## WORK TO BE COMPLETED
Please output, exactly and without pictures, the lines from the opening of the listing below through the line containing "你收集了三艘长船和几十个家族", both included.

DATA EXCERPT below:

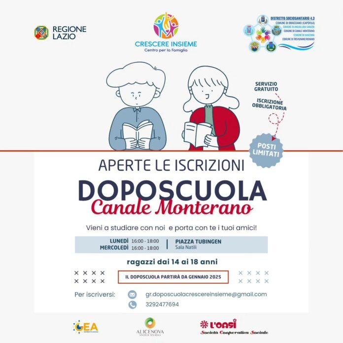 Canale Monterano, aperte le iscrizioni al doposcuola
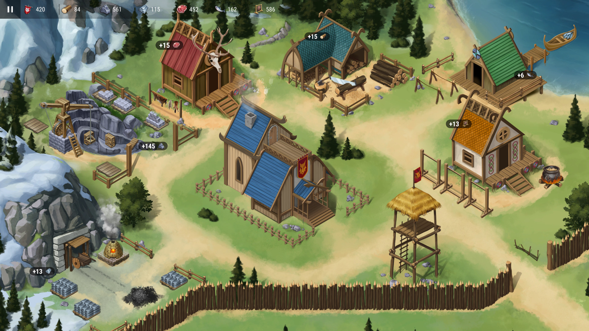 你收集了三艘长船和几十个家族。在海上一个月,你到了这里!定居在一块新的土地---一个新的地方叫家。
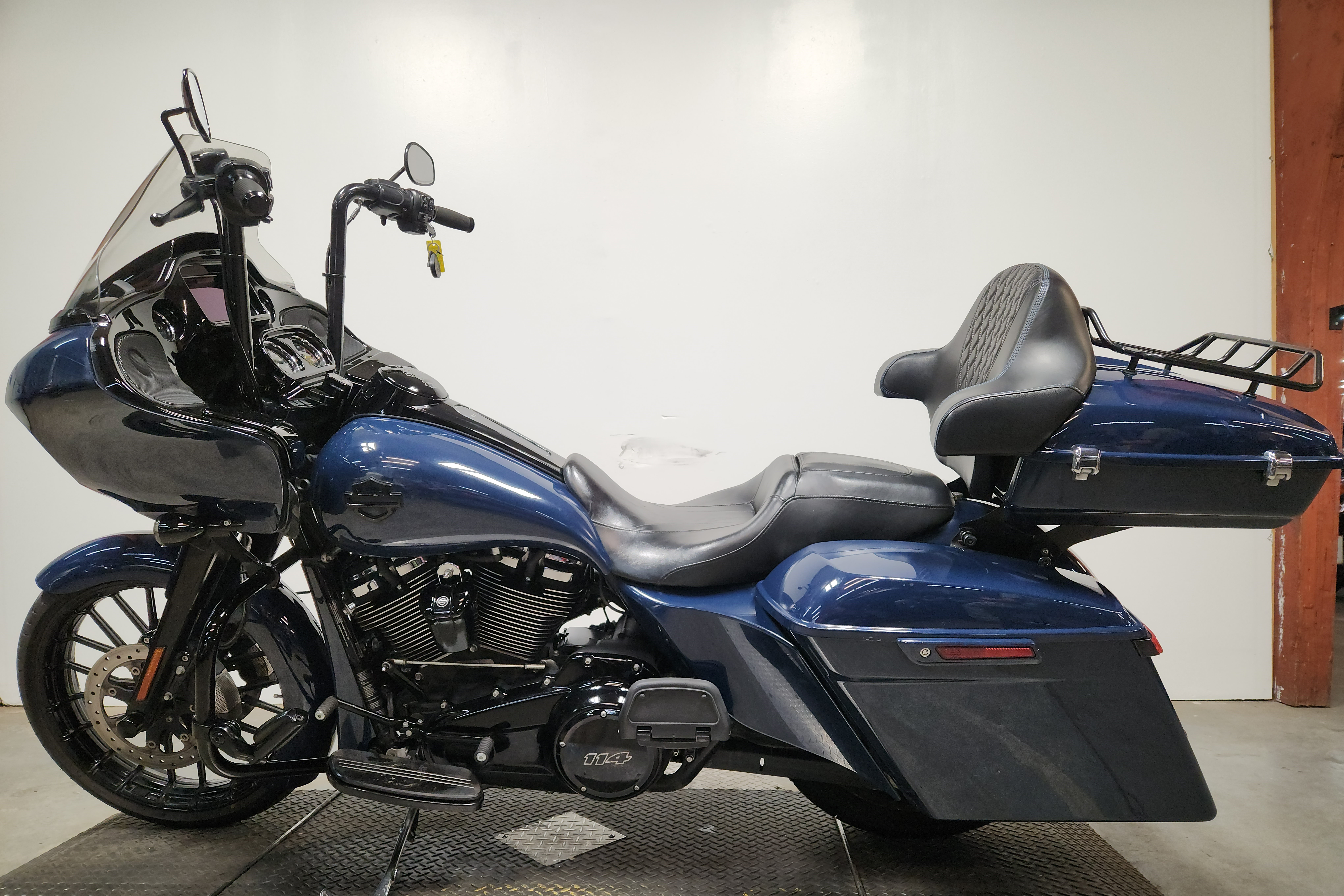 USED BIG WHEELED BAGGER FOR SALE IN HARD TO FIND COLOR "BILLIARD BLUE" WITH THE 114 CUBIC INCH MILWAUKEE 8 MOTOR AND OVER $6,000 IN EXTRAS! WOW, WOW, WOW! THIS ROAD GLIDE SPECIAL WILL TURN HEADS EVERYWHERE YOU GO! 21-INCH RC COMPONENTS FRONT WHEEL, EXTENDED GAS TANK, EXTENDED SIDE COVERS, EXTENDED REAR FENDER, EXTENDED SADDLEBAGS, LOW PROFILE TRUNK, OVERSIZED L.E.D SCREEN, BLUETOOTH STEREO, NAVIGATION SYSTEM, CRUISE CONTROL, SECURITY SYSTEM, STAGE 1 KIT WITH ARLEN NESS INTAKE, AND THE D&D 2-INTO-1 EXHAUST SOUNDS GREAT! STAND OUT FROM THE CROWD! JUST SERVICED AT DEALERSHIP, INSPECTED, ALL FLUIDS CHANGED, RUNS STRONG, EVERYTHING WORKS, NEEDS NOTHING! DON'T MISS THIS ONE!

End of DATA EXCERPT.

## EXERCISE RESPONSE
 Canale Monterano, aperte le iscrizioni al doposcuola
 你收集了三艘长船和几十个家族。在海上一个月,你到了这里!定居在一块新的土地---一个新的地方叫家。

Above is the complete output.